Maureen Diekmann, executive director of the district's early babyhood pedagogy division, said teachers already vary activities depending on young children'south rest needs, often providing quiet music, stories and play later lunch. Some children at that age are no longer interested in naps, she said.

"It's not something nosotros're non used to dealing with," Diekmann said.

Kim Pattillo Brownson, director of educational equity for the Advocacy Project, who has been fighting to relieve the preschool program, said she was excited about the transitional kindergarten expansion because information technology gives extra hours in school – something that especially benefits children from low-income families.

"Having more than fourth dimension with experienced educators pays off," said Pattillo Brownson, an external representative on the district's Early Childhood Didactics and Parent Date Ad Hoc Commission.

However, she said the new plan should exist designed for younger ages so it's a place for "exploration and joy" and not newspaper-and-pencil work.

"Information technology is a very fast timeline and the stakes are loftier for getting it right," Pattillo Brownson said. "I'm very impressed by the level of commitment and resources that the superintendent has put into this."

For the younger 4-twelvemonth-olds, the transitional kindergarten expansion classes would be based on preschool curriculum and standards – non the kindergarten Common Cadre standards used for older children, according to a memo from the superintendent to the Los Angeles Unified lath.

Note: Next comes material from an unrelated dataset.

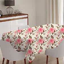 Pembe Çiçekli Krem Zemin Model Masa Örtüsü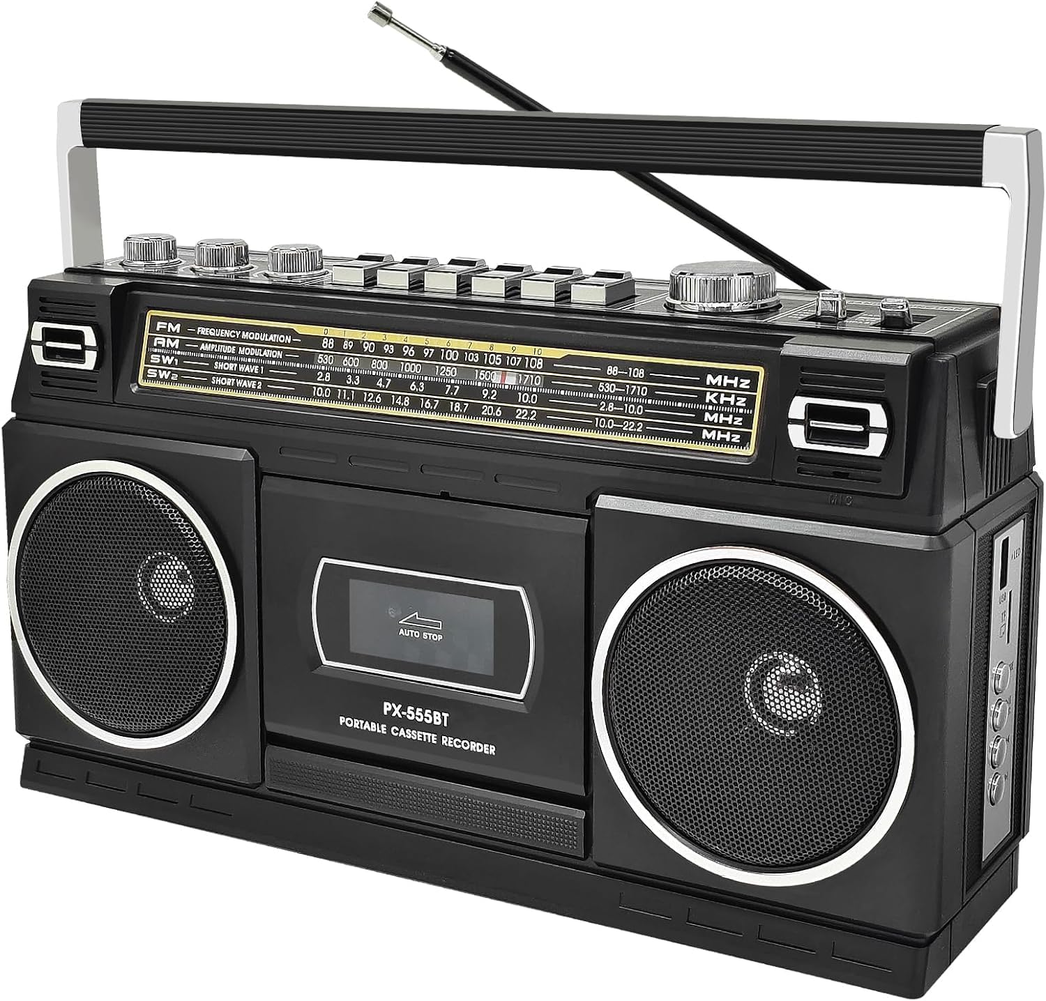 - 【All-in-One Retro Audio Center with Bluetooth & Radio】This versatile cassette boombox blends vintage charm with modern tech. Stream music wirelessly via Bluetooth, enjoy AM/FM/SW radio broadcasts, or play your classic tapes—all in a sleek, classic black design.

Likewise, the new programme would include opportunities for play, including two hours per day in an "outdoor learning environs," according to the memo.

The preschool teachers' letter of the alphabet said some schools lack appropriate outdoor places because they take asphalt surfaces and metal monkey confined. Plus, the younger children will take to compete with kindergartners to apply their shared playgrounds.

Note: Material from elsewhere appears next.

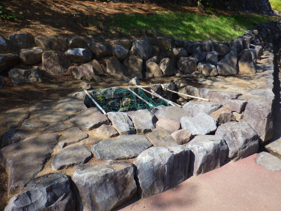 天守を目指して石段を上がっていくと、「水溜跡」がありました。発掘調査によって初めて確認された、水をためて置くところということですが、覗いてみると金魚がたくさん泳いでいたので、ただの小さな池にしか見えませんでした。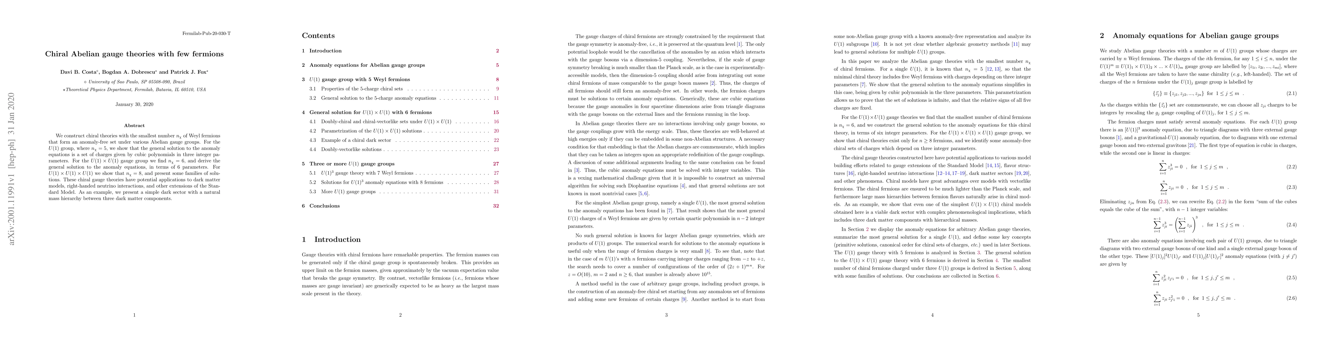 We construct chiral theories with the smallest number $n_\chi$ of Weyl fermions that form an anomaly-free set under various Abelian gauge groups. For the $U(1)$ group, where $n_\chi = 5$, we show that the general solution to the anomaly equations is a set of charges given by cubic polynomials in three integer parameters. For the $U(1) \times U(1)$ gauge group we find $n_\chi = 6$, and derive the general solution to the anomaly equations, in terms of 6 parameters. For $U(1) \times U(1) \times U(1)$ we show that $n_\chi = 8$, and present some families of solutions. These chiral gauge theories have potential applications to dark matter models, right-handed neutrino interactions, and other extensions of the Standard Model. As an example, we present a simple dark sector with a natural mass hierarchy between three dark matter components.

Merely Diekmann said teachers would schedule the outdoor fourth dimension throughout the day and so at that place would exist room for all the students. As well, she said some schools would demand to prepare their outdoor areas. "It is truthful that we demand to ramp up in this expanse because nosotros are not already equipped with cloth that nosotros need," she said.

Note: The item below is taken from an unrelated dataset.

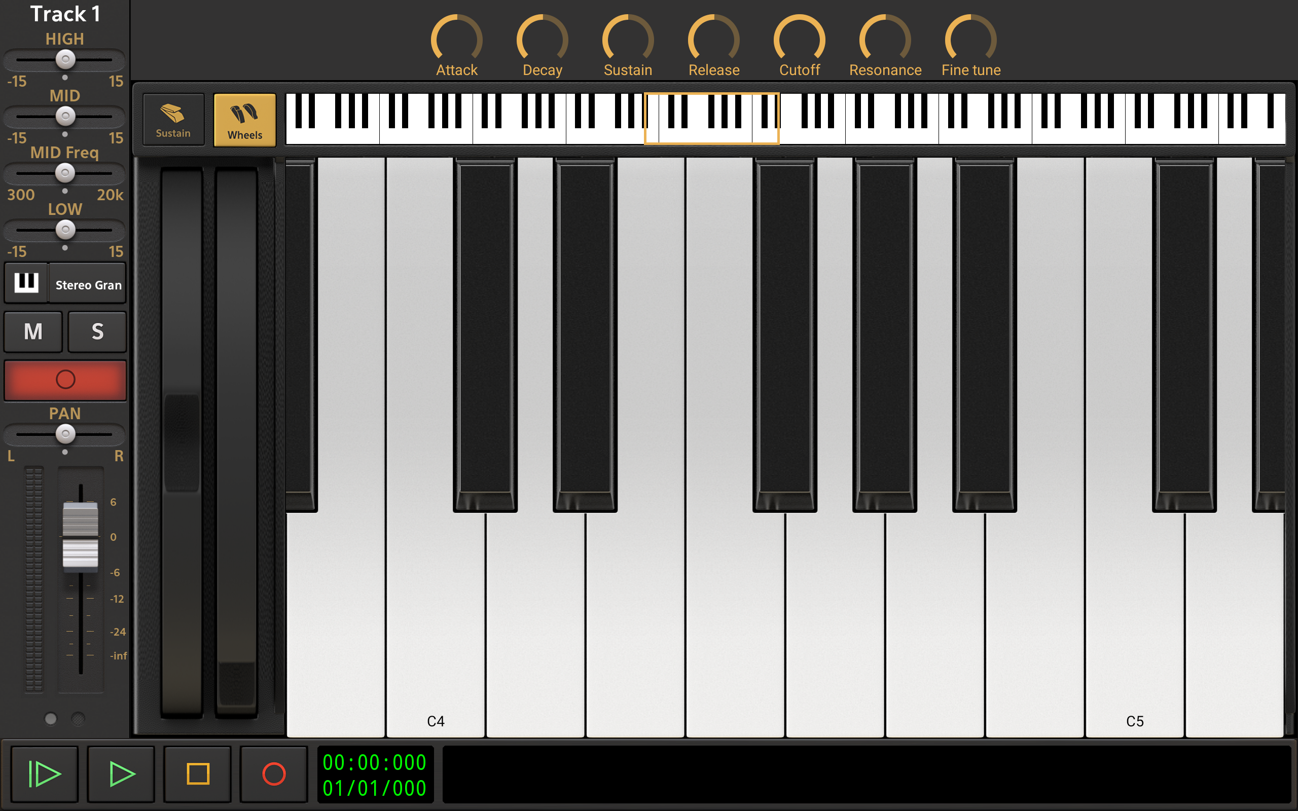 MIDI compositions can be created manually using the Piano Roll Editor or the Drum Pattern Sequencer, but it is also possible to live record your MIDI information using the onscreen keyboard, the onscreen drum pads, a connected external MIDI keyboard or other external MIDI equipment. You can either use the virtual instruments that you can select in the app (Soundfonts, Evolution One and Flowtones synths, Audio Unit instruments and IAA instruments) to produce audio on your device or drive external MIDI equipment like synthesizers connected by USB MIDI or Bluetooth.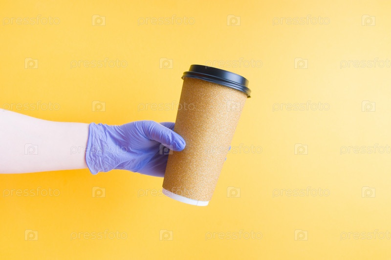 Рука в синей одноразовой резиновой перчатке держит блестящую золотую одноразовую картонную чашку кофе для фаст-фуда, концепция бесконтактной доставки, пространство для копирования на желтом фоне

Every bit office of the district funding, each school is slated to receive nearly $5,000 for transitional kindergarten materials and curriculum, co-ordinate to the Los Angeles Unified memo.

Earlier this year, the preschool plan was threatened with budget cuts because Los Angeles Unified said it could no longer afford to pay for information technology from the general fund, about $16 meg a year.

The expansion will allow the district to tap into country funds: The state gives districts money after a child turns v based on boilerplate daily attendance, but like any other student. With the change in country police force assuasive younger children in transitional kindergarten, Los Angeles Unified volition cover the costs for children before they plow 5.

Commune officials had no estimate of how much they would receive from the state. The amount will depend on the students' fiveth birthdates and when the district can get-go collecting country money for them.

At the committee coming together, three lath members – Monica Ratliff, Steve Zimmer and Bennett Kayser – said they supported Cortines' program.

"We knew the goal was to get to the right solution," Zimmer said.

With this plan, Los Angeles Unified is attempting to carry out what state lawmakers have tried to do statewide. Last year, legislators unsuccessfully pushed a pecker that promised pre-kindergarten to all iv-year-olds. Currently, the Legislature is considering a pecker, AB 47, that would guarantee a year of state preschool or transitional kindergarten for low-income four-year-olds. The bill passed the Associates and is in Senate deliberations.